The Parmesan Cheese (also called the King of Cheese), produced in Reggio Emilia and Parma (392 Kcal/100 g.), is a granulous hard paste cheese, very ancient italian cheeseand very famous all over the World, great when paired with Balsamic Vinegar of Modena, with fruit (pears and apples), cut into scales and put over the bresaola and grated on pasta.          

 

 

The Gorgonzola is a fat and soft cheese, produced in Lombardy (340 Kcal/100 g.), To which are added  mold spores, that give it a unique and special taste. Great above pizza and pears.        

 

 

 

The Pecorino is a hard cheese, seasoned, intensely flavored, and spicy. It is produced in Calabria, Lazio, Tuscany, Sicily and Sardinia (387 Kcal/100 g.). Each Region gives it the differences in  taste. It is great when paired to fruit jams, pears, eaten alone or grated on pasta with tomato sauce.             The Fontina is an antique cheese, fat, with soft texture and  a sweet taste, also extremely versatile. Manufactured in the Valle d’Aosta (343 Kcal/100 g.), Is widely used in salads, in appetizers, in toast and sandwiches.        

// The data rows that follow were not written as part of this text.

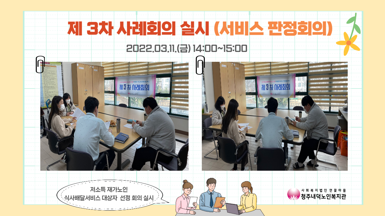 2022년 3월 11일 금요일 14:00~15:30 저희 복지관에서는, 사례관리 담당자들이 모여 서비스 판정회의를 진행하였습니다. 결식우려가 있는 어르신들에게 균형 잡힌 영양 상태 유지를 위해, 급식지원사업인 저소득 재가노인 식사배달사업 대상자의 지원 여부를 회의하는 시간을 가졌습니다. 2명의 대상자들의 경제, 주거, 건강상태 등 전반적인 생활환경을 선정기준표를 통해 파악하고 담당자들 간의 회의를 통해 적절한 대상자를 선정할 수 있었습니다. 그리고 대상자의 또 다른 욕구를 파악해보고, 타 서비스 지원 여부를 논의하였습니다.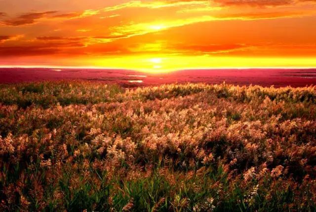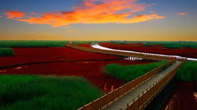 红海滩是大自然孕育的一道奇观。海的涤荡与滩的积沉,是盘锦红海滩得以存在的前提;碱的渗透与盐的浸润,是红海滩得以红似朝霞的条件。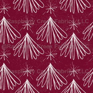 Dusty Christmas Trees Holiday Stars Bows - Red
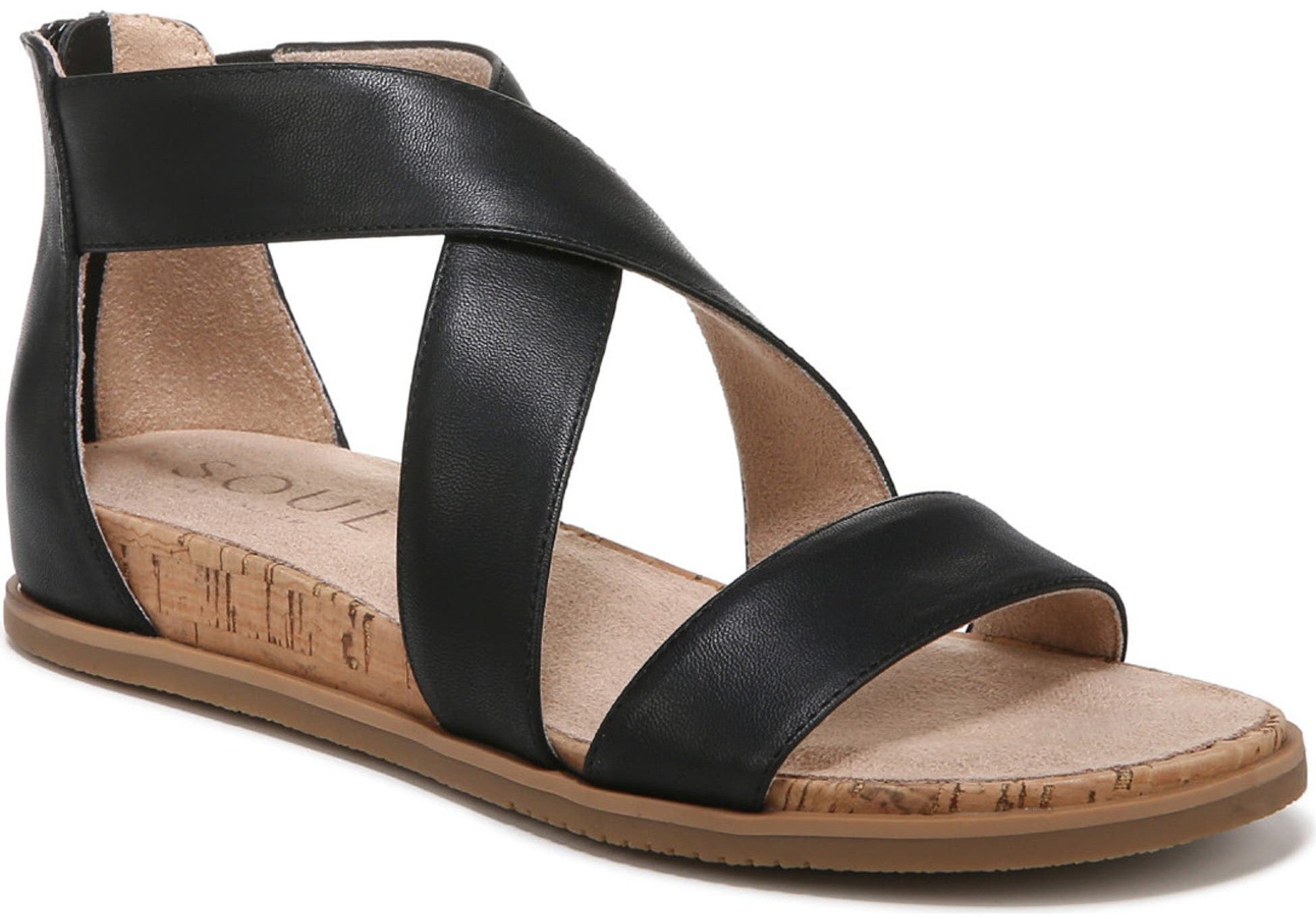 Step into comfort and shine in these strappy wedge sandals from SOUL Naturalizer. Featuring a lightweight cork outsole and adjustable zip closure, these casual sandals offer all-day comfort with arch support, memory foam, and antimicrobial technology. Perfect for any day of the week!
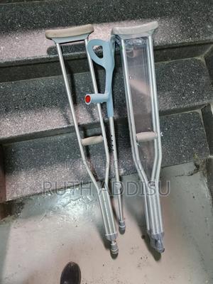 የብብት እና የክንድ ክራንች elbow Nd axillary crutches #axillary_crutches #elbow_crutches #almunium_crutchea #Free_and fast_delivery #stainless_crutches #crutches_in_Ethiopia #crutches_in_addis_ababa Axilla or underarm crutches: They should be positioned with 2-3 fingers of distance between the axilla and the axilla pad with the elbow flexed between 20-30 degrees.[1] The design includes an axilla bar, a handpiece and double uprights joined distally by a single leg. They are adjustable in height; both the overall height and handgrip height can be adjusted (adjustable approximately 48 to 60 inches / 122 to 153 cm).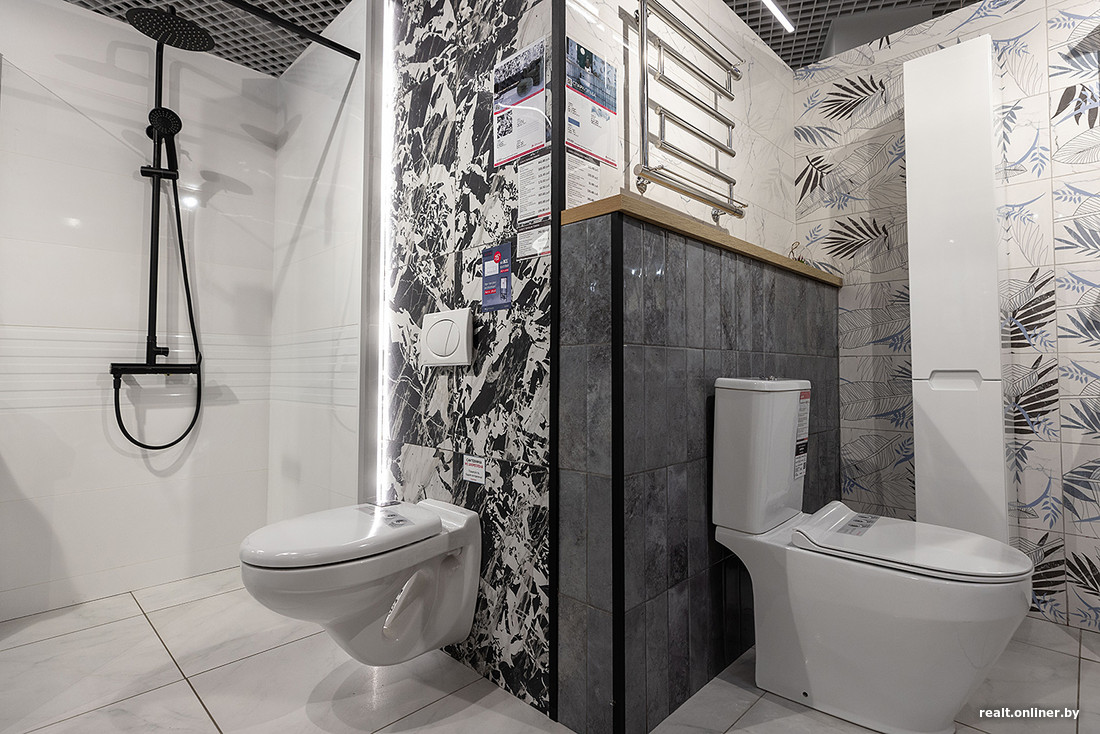 Здесь же можно приобрести и сантехнику, причем есть уже собранные комплекты — унитаз с инсталляцией, душевая кабина со всеми смесителями и т. д.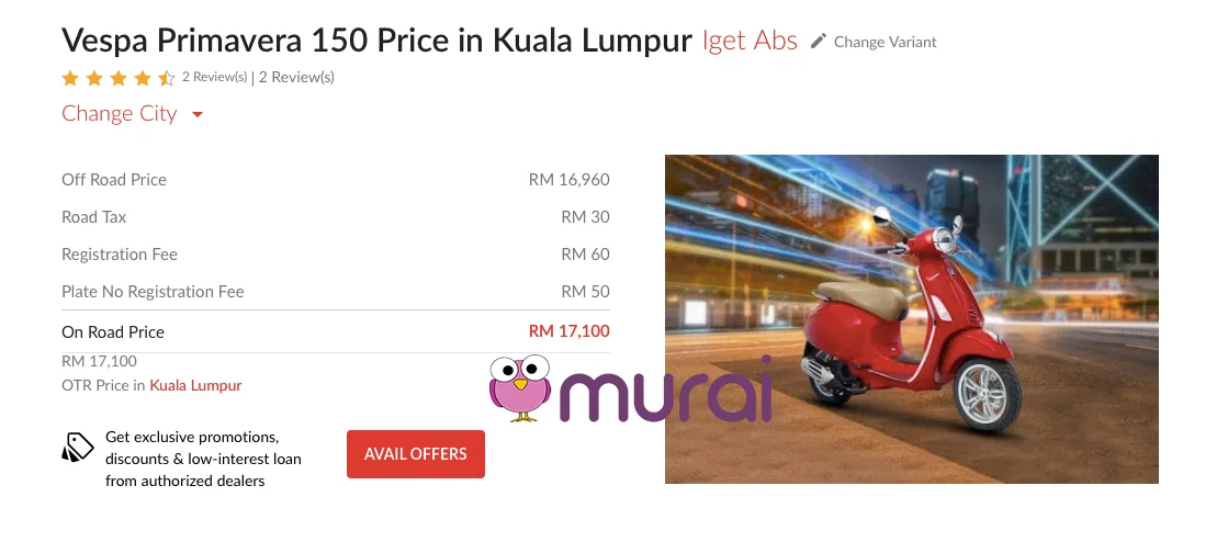 Menerusi carian Murai.my, Vespa varian Primavera 150 yang dikategorikan sebagai skuter mewah berharga lingkungan RM17 ribu dan mampu mencecah RM20 ribu mengikut spesifikasi yang dikehendaki. Ini termasuklah varian yang dimiliki oleh Janna yang dilihat telah dihias khas berwarna merah sekaligus menampakkan lagi ciri premium nya.

The Crescenza is a fat and soft cheese, with a fresh and delicate flavor, similar to the Stracchino. Produced in Lombardy (280 Kcal / 100 g.), Is light and dietetic, it goes well with vegetables      

The  Mozzarella is a fat and soft cheese, with a fresh and delicate taste, light and dietetic. It comes in two types: plain mozzarella, milk cow made, and buffalo mozzarella from buffalo milk. The former is more delicate, the second most flavorful, soft and fine. The plain mozzarella is produced in Calabria, Puglia, Basilicata, Abruzzo and Molise. The buffalo mozzarella is produced in Campania and Lazio (248 Kcal/100 g.). Mozzarella is one of the basic ingredients of pizza, but it is also put into salads, islanders (buffalo mozzarella, cherry tomato, basil) and other dishes.              

The Grana Padano is a very ancient Cheese, semi-fat, hard, strong flavored. It ‘s produced in the Po Valley  and has a taste similar to Parmigiano Reggiano, although not equal as prestige (381 Kcal / 100 g.). Excellent as a table cheese or grated over pasta.    

The Taleggio cheese is  fat, with a soft paste; it is ancient and intensely  flavored. produced in Lombardy (352 Kcal / 100 g.) with a characteristic rectangular shape.It is ideal as a table cheese.  

There are many other wonderful cheeses in Italy, such as:

– The Scamorza (209 Kcal / 100 g.)

– The Provolone (374 Kcal/100 g.)

– The Caciotta (370 Kcal/100 g.)

– The Asiago (356 Kcal/100 g.)

– The Stracchino (300 Kcal/100 g.)

– The Robiola (267 Kcal/100 g.)

– The Bel Paese (373 Kcal/100 g.)  

and many others that I didn’t quote in this page, but that you can find out yourself  by visiting Italy and its restaurants.